2006-2012
The Arizona-Sonora Desert Museum
In 2005 the realtor who listed our home in Austin recommended that we try the Arizona Sonoran Desert Museum once we moved to Tucson. This was great advice. Going to the Desert Museum became a pattern in our lives while we lived in Arizona. It was the place we tried to take all of our guests; it was fun for kids and parents. It was one of my go-to home school field trip destinations. We went there several times a year.
A trip to the Desert Museum was a sensory feast. After driving 20 minutes on the freeway and other busy roads, we turned onto a narrow, winding road. Rock shops appeared along the road as other signs of civilization dwindled. We drove another 15 minutes among cliffs and ancient saguaros, tall and haunting. Not only was the road winding and narrow, it had great dips and inclines, making it feel like a roller coaster if we took the curves and dips with some acceleration. The van would fill with squeals of laughter as stomachs dropped with the dips and turns. The smell of sunblock floated in the air as the kids prepared for the day in the sun. I could look back and see children’s eyes wide with excitement. Sometimes they would raise their hands high above their heads for the declines and quick ascents. I’d turn up the music.
We always started the day early, arriving at the Desert Museum as it opened. I loaded our green stroller with water bottles, snacks, hats, the camera bag, sunblock, and notebooks. It was quite a production, setting out for a day in this mostly outdoor museum. It grew hot quickly, so we followed a path where we knew we could find shade at the hottest parts of the day. The “museum” felt mostly like a walk in the desert with occasional docents along the way holding birds, skulls, or other desert animals.
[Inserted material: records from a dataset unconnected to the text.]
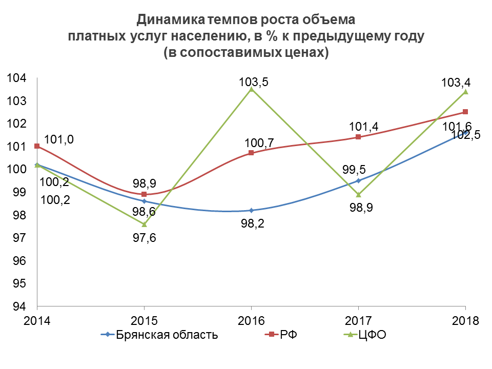 В 2018 году населению было оказано платных услуг на 53,2 млрд. рублей, что на 1,6 процента больше, чем за 2017 год (в сопоставимых ценах). На долю юридических лиц (кроме субъектов малого предпринимательства, средняя численность работников которых превышает 15 человек), приходилось 53,8 процента всех оказанных платных услуг в области.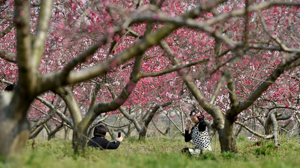 近日,安徽省合肥市廬陽區(qū)三十崗鄉(xiāng)的近5000畝桃花競相綻放,形成“十里桃花”醉春風(fēng)的詩意畫卷,吸引眾多市民前來踏青觀賞。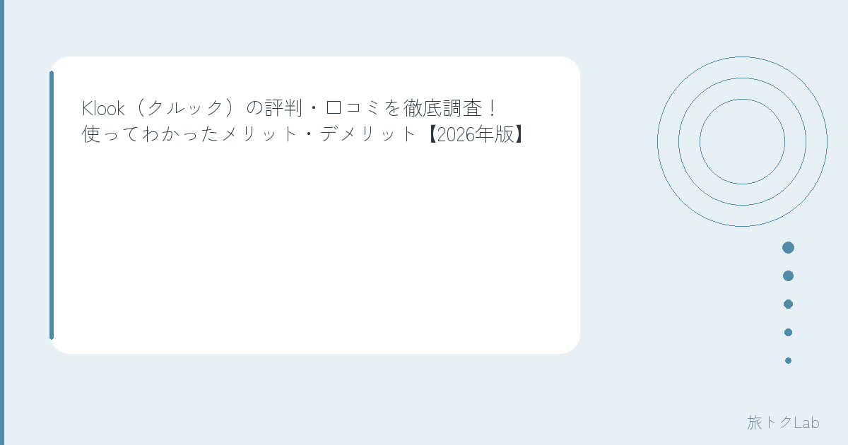 「旅行のアクティビティやチケットは、とりあえずKlookで価格チェック」っていう習慣をつけると、けっこうな金額を節約できるよ。Klook公式サイトでまずは気になるスポットを検索してみてね!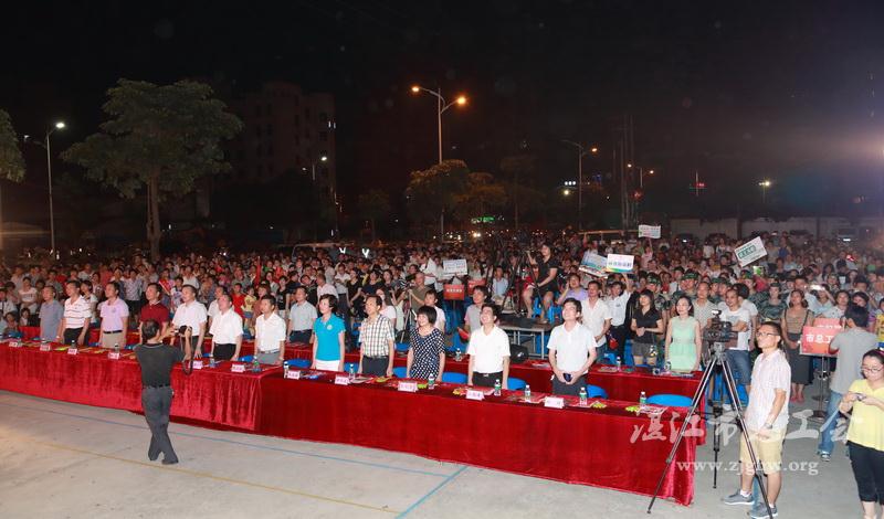 湛江市总工会网讯(图文/陈培春)6月29日晚,在建党94周年和省运会即将在湛江举办之际,廉江市人社局、廉江市总工会等单位联合举办 “劳动美·庆七一·迎省运”农民工联欢晚会,藉此祝福农民工兄弟和广大的劳动群众安居乐业,平安幸福。廉江市委副书记、市长吴群忠,廉江市委常委、常务副市长李世东,湛江市总工会党组成员、副主席陈江泓等领导和3000多名职工、农民工、市民一起观看了演出。

There were enclosures for animals, but only a few structures that provided shade.
Our favorite attractions were in the summer, when the butterfly gardens were teeming with caterpillars and butterflies and the monsoon rains had awakened the flowers. We avoided school field trip days by going in the summer, too. Sometimes we would stop to sketch the hummingbirds or linger and watch the desert tortoises in the early part of the day. By 10:00, we were usually very warm and we would make our way to the pavilions with air conditioning and then the ice cream parlor built out on the trail. The ice cream cones always seemed like manna, and I didn’t care that it was only 10 am because it made the grumpiness disappear.
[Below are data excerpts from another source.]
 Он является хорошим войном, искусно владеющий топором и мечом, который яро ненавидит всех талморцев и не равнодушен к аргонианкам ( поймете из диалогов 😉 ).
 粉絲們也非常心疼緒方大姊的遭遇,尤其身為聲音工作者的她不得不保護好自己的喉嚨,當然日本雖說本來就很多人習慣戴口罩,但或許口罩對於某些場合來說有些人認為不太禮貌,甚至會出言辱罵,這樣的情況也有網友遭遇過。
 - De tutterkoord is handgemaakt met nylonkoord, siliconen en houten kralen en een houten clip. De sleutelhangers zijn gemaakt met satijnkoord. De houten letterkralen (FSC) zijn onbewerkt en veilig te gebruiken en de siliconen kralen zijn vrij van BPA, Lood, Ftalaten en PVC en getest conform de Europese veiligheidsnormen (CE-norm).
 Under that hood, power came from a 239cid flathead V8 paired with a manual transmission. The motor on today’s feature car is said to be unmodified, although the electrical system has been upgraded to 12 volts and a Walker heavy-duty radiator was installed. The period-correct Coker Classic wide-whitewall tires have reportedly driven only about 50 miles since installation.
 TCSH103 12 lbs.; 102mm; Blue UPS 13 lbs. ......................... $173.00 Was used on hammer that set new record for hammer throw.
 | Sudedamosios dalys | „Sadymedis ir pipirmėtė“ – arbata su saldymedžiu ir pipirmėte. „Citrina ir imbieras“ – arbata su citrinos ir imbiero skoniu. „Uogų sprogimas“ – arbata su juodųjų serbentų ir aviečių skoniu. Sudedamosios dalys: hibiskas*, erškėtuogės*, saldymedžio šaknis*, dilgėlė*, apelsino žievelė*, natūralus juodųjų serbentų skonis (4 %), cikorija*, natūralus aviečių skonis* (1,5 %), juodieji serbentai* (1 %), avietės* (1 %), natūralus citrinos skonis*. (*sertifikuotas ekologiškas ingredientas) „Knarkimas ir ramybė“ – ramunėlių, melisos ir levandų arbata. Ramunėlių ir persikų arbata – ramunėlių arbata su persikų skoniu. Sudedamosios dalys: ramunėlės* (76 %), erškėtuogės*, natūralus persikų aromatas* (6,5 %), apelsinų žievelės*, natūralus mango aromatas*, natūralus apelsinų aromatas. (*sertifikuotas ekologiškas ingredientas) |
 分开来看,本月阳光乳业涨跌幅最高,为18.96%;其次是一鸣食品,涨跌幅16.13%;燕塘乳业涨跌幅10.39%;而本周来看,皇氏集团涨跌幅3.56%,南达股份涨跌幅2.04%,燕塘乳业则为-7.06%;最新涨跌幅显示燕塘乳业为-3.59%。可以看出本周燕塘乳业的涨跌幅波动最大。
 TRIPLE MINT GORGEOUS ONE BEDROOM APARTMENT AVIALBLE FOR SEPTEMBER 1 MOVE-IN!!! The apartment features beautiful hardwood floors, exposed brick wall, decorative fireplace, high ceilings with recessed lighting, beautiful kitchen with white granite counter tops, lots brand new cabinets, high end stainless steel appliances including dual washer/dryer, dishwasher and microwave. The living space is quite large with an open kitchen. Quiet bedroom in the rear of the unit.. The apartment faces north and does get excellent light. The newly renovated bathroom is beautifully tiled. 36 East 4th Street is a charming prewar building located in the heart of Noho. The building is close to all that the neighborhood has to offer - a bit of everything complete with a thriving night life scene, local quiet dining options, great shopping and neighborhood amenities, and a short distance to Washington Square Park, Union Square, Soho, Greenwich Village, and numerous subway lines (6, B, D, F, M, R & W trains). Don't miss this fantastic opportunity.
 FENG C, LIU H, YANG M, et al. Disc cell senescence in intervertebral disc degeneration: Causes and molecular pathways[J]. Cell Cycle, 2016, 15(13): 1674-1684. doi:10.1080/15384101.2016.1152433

There were mammals, reptiles, insects, spiders, monkeys, and birds to see. Our favorite animal was probably the mountain lion that had a cave where it would sleep, its face sometimes pressed up against the window for the kids to admire closely.
The mountain lion was always at the end of our ability to cope with the heat, so we would head up the hill toward the cave for the rest of the day. The cave was man-made, and you entered on a paved path. Inside there were exhibits about space and volcanoes, rocks, and minerals. Best of all, there were tunnels going off the main path for the kids to explore. These cave-like tunnels were narrow, smooth with wear, and a little smelly with mildew and stale people smells. Those who braved these narrow passageways were rewarded with a view of cave formations, great stalactites and stalagmites illuminated in golden light. I would sit at the base of these tunnels on a rock and let the kids wander and play for about an hour, hearing their happy voices echo through the corridors.
The final leg of our journey took us out of the cave past a “mine tailings” exhibit where kids could search the gravel for shiny, colored rocks. Each guest was allowed to keep one or two rocks. Serious thought went into these choices. Pockets were emptied on flat surfaces and the rocks were admired, but in the end, only a few would become ours. We stored our treasure rocks in the small compartment in our stroller. One last stop before the big hill to the parking area was the excavation area where kids would put on goggles and chip off plaster from around “fossils” of ancient animals.
The snake and insect houses were either first or last, as they were located at the entrance. I don’t know if the kids remember these exhibits as much, but there were Gila monsters, scorpions that glowed under a black light, and rattlesnakes.
The end of a trip to the Desert Museum always felt like a triumph, having conquered the elements with every device we had. The drive home often included a trip to the McDonald’s drive up window on the fringe of civilization. It was hard work being desert explorers, but we loved it. If I could go back to Tucson for a few days, I would take the kids back to this magical place. Their longer, lankier bodies may not fit so easily in the cave, and some of that wonder of childhood would be gone, but I know that they would have fun. It was ALWAYS a good day at the Desert Museum. How many things in life are like that?